El reto principal al que se enfrentan todos estos grandes nombres de la tecnología es el de conseguir que sus dispositivos, tanto si son gafas como cascos, sean ligeros, cómodos y que estén respaldados por contenidos de calidad que deben aparecer de forma rápida y mejorarse en poco tiempo. Sólo así podrán hacerse un sitio en las vidas de sus usuarios potenciales. Si no, corren el riesgo de quedar arrinconados y ser olvidados más rápido de lo que han aparecido en el mercado.

Por ello, es importante escoger el momento perfecto para su puesta en escena y saber cómo presentarlos como un elemento indispensable para ver una película o tener una sensación de presencia al hablar con una persona a distancia. Estas nuevas vías de uso son sólo algunas de las que han propuesto las empresas desarrolladoras para conseguir un espacio propio en otros ámbitos más allá del ocio. Algo que ya ha demostrado la Machine to Be Another (máquina para ser otro), una iniciativa que utiliza la realidad virtual para “ponerse en la piel” de otra persona y despertar la empatía por ella y así comprenderla mejor. Esta “máquina” emplea realidad virtual pero también sensores táctiles y motores, con los que intenta hacer creer que se está en el cuerpo de otra persona de diferente sexo, edad, raza o cultura.

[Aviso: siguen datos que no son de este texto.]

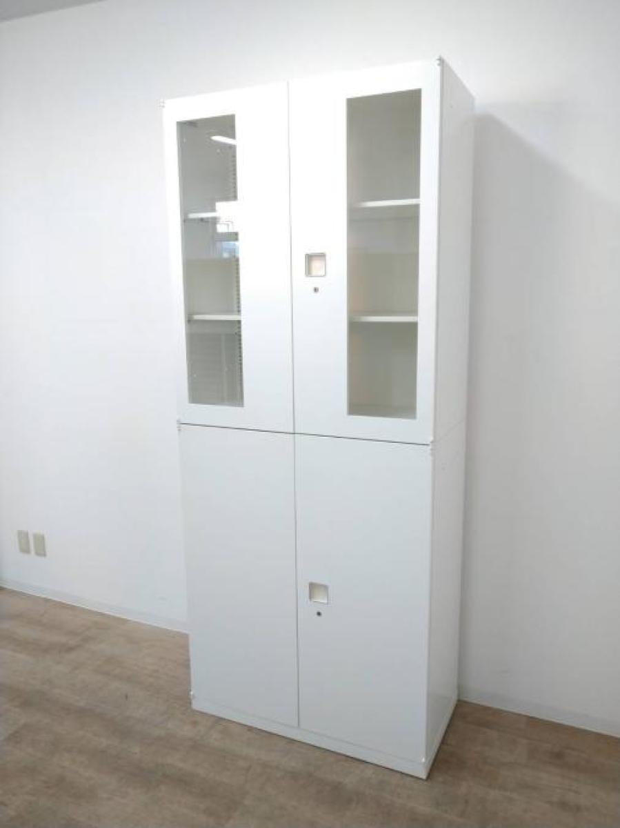 ホワイトカラーの人気商品!上下両開き書庫のセット商品になります!

Está hecha con código abierto y se está usando para la resolución de conflictos, en casos de violencia de género, en una investigación científica sobre la tolerancia del dolor y para el diseño de prototipos que permitan diagnosticar enfermedades mentales como la anorexia. 

Asimismo, la realidad virtual también se está utilizando para la rehabilitación física, ocular y neurológica a través de Glove1, un guante háptico inalámbrico. Este dispositivo se ha desarrollado dentro de nuestras fronteras, en Almería, y cuenta con una precisión milimétrica que permite tocar, agarrar, lanzar y sentir las texturas de los distintos objetos que aparezcan en el videojuego “Ambliok”. Mediante el juego de “matar marcianitos” se consigue entrenar el ojo vago y rehabilitar procesos complejos neurológicos. 

En este mismo campo encontramos a la ya mencionada Virtualware.

 Esta empresa española ha creado un software para aplicar la realidad aumentada a la neurorrehabilitación de las personas que han sufrido un ictus o que padecen esclerosis, así como para trabajar las capacidades cognitivas de los mayores. Pero eso no es todo, porque Unai Extremo, el consejero delegado de esta compañía, afirma que también se está utilizando para tratar a personas que han protagonizado episodios de estrés postraumático o que padecen trastornos de ansiedad debido a fobias.

Futuro prometedor

Lo que está claro es que la clave del éxito es que la realidad virtual está asociada a la diversión, lo que hace que los pacientes se sientan motivados y avancen rápidamente en el tratamiento. 

A estas aplicaciones terapéuticas también se suman otros usos como el de enseñar a los bomberos a actuar en situaciones de emergencia e ayudar a los drogodependientes a vencer sus adicción. De lo que no hay duda es de que la realidad virtual es mucho más que un simple modo de mejorar nuestra experiencia en el juego.

Realidad Virtual Low Cost

Google apuesta por la realidad virtual asequible para todos los bolsillos con Google Cardboard. Se trata de un dispositivo de cartón muy fácil de utilizar. Únicamente hay que colocar nuestro móvil dentro de la caja, doblarla y mirar dentro para entrar en el mundo de la cartulina. 

Así funcionan las Google Cardboard

Es una experiencia de realidad virtual para que sólo es necesario tener la caja, un móvil y bajarte una de las aplicaciones que existen para ello. 

Cardboard google realidad virtual

Este ingenioso dispositivo ha sido utilizado por la firma automovilística sueca Volvo para que los asistentes al salón del automóvil de Los Ángeles pudieran conducir virtualmente uno de sus modelos.

Cine en realidad virtual

La realidad virtual ha fijado sus ojos en el cine. Su nuevo reto es introducirse en la gran pantalla, pero no se puede revolucionar una industria si no se produce contenido para ella. Por este motivo Oculus VR ha decidido ponerse manos a la obra y presentar Oculus Story Studios. 

La compañía de Facebook se centrará en la creación de contenidos audiovisuales para el VR cinema. 

Su primer proyecto se llama “Lost”, pero está trabajando paralelamente en otras iniciativas, como “Dear Angelica”, “Bullfighter”, “Henry” y dos películas más.